The engineer laid out details, cogent arguments, the case for a renewed, ambitious American commitment to space exploration. Then, he talked Apollo. “I would like to reflect for just another moment or two, because Apollo has been called by many the greatest technological endeavor in the history of mankind … I believe, however, Apollo was much more.” Members of Congress listened. “I believe it was a human endeavor … unmatched in human history. It was an endeavor not of a few chosen individuals, who had the opportunity to step on the surface of the moon, but rather a team of thousands of Americans, who were dedicated and committed to a goal … deemed by many unattainable.”

For a moment, all partisanship vanished. “Apollo required this Nation to reach further than Man has ever reached before. This team of Americans left an indelible mark on each of us here today, and on all of those to follow in our footsteps … Apollo encompassed the vision of a President and the effort, dedication, courage, self-sacrifice, and steadfast determination of an entire Nation …”

For a moment, Cernan paused on America’s “successful failure,” our Apollo 13 mission, moon-bound but lucky to get home. Apollo was “a human endeavor of immense proportions by those who dared to dream, by those who dared to reach beyond our grasp, and by those who were not deterred by failure.”


Cernan concluded with pointed questions – for America. “Will the time come again when we … explore the wonders of the universe? Will we ever … look back from a quarter million miles … at the majestic beauty of our own ‘star’ … the entirety of oceans and continents … an earthrise?
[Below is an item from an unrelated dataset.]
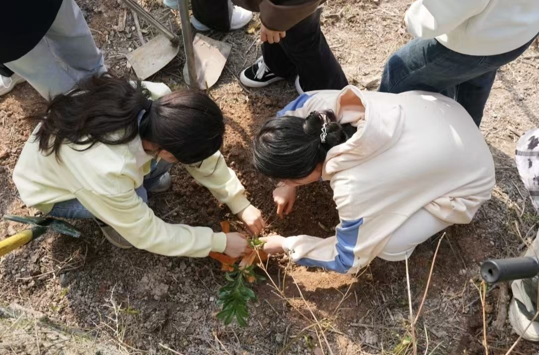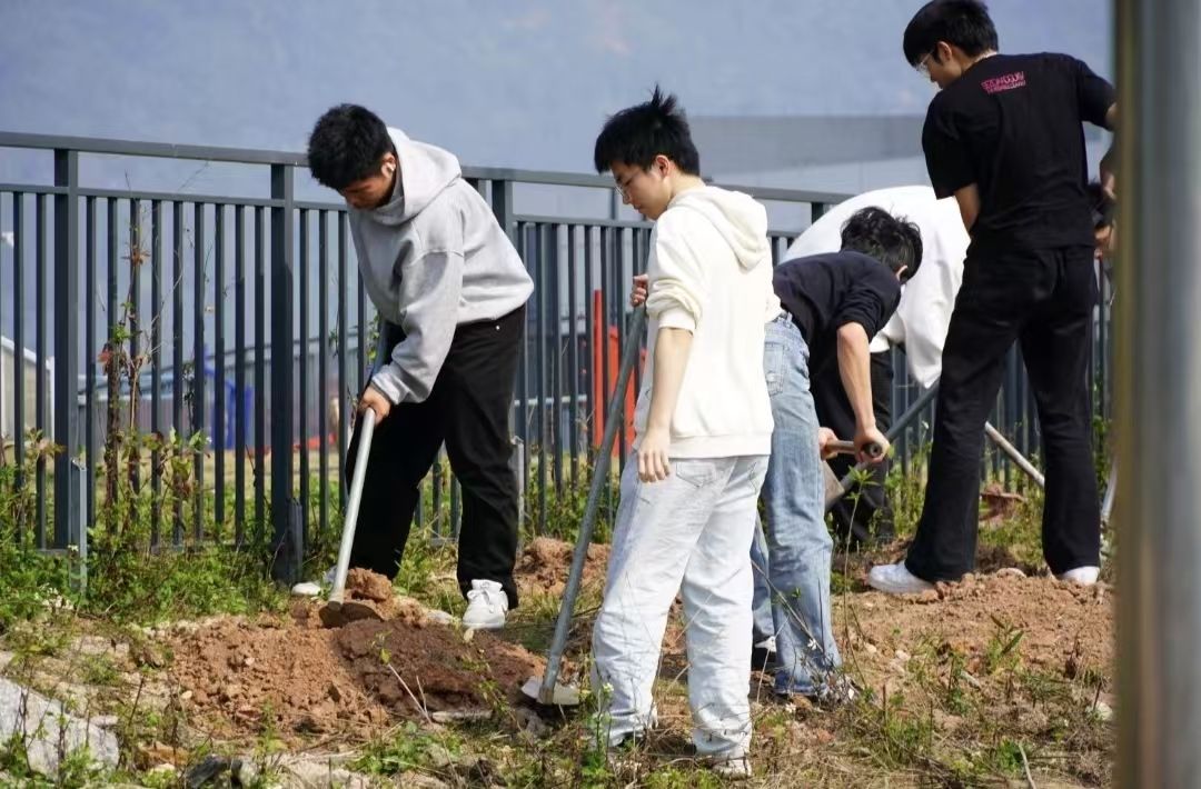 在3.12植树节活动中,同学们挥动锄头松土,种下绿色希望,体验“汗滴禾下土”的艰辛,收获劳动带来的喜悦。

Will our children and grandchildren, born after those final steps of Apollo, have the opportunity to see the stars as we once did … and perhaps conclude, as well, that there must be a Creator?” His words left the place silent.

Cernan closed with a smile and the words of William Jennings Bryan, before re-boarding a plane for Texas and his beloved longhorns. “Destiny is not a matter of chance; rather, it is a matter of choice.” How right he was, then. How right he still is, now.

This week, on January 16th, we lost Apollo 17’s Commander, Captain Gene Cernan. He set off for another horizon, became part of the ages. Still, we have his enduring example and inspiration, wit and smile. He was what you call a hero, one who dared to look up – and reach for the stars, literally. He loved America, fought for America, and knew the American heart – bigger than most credit.

Cernan just wanted to see us dream, again. Big dreams, reaching for the “unattainable” and getting there. To me, his passing brings to mind Robert Browning. Somehow, I think Cernan would approve. Said the poet, “Ah, but a man’s reach should exceed his grasp, or what’s a heaven for?” Time to start believing again, in ourselves and our Creator, for sure. Also in the possible and the unattainable, and closing the gap between them. Godspeed, Gene Cernan – you taught us well, thank you.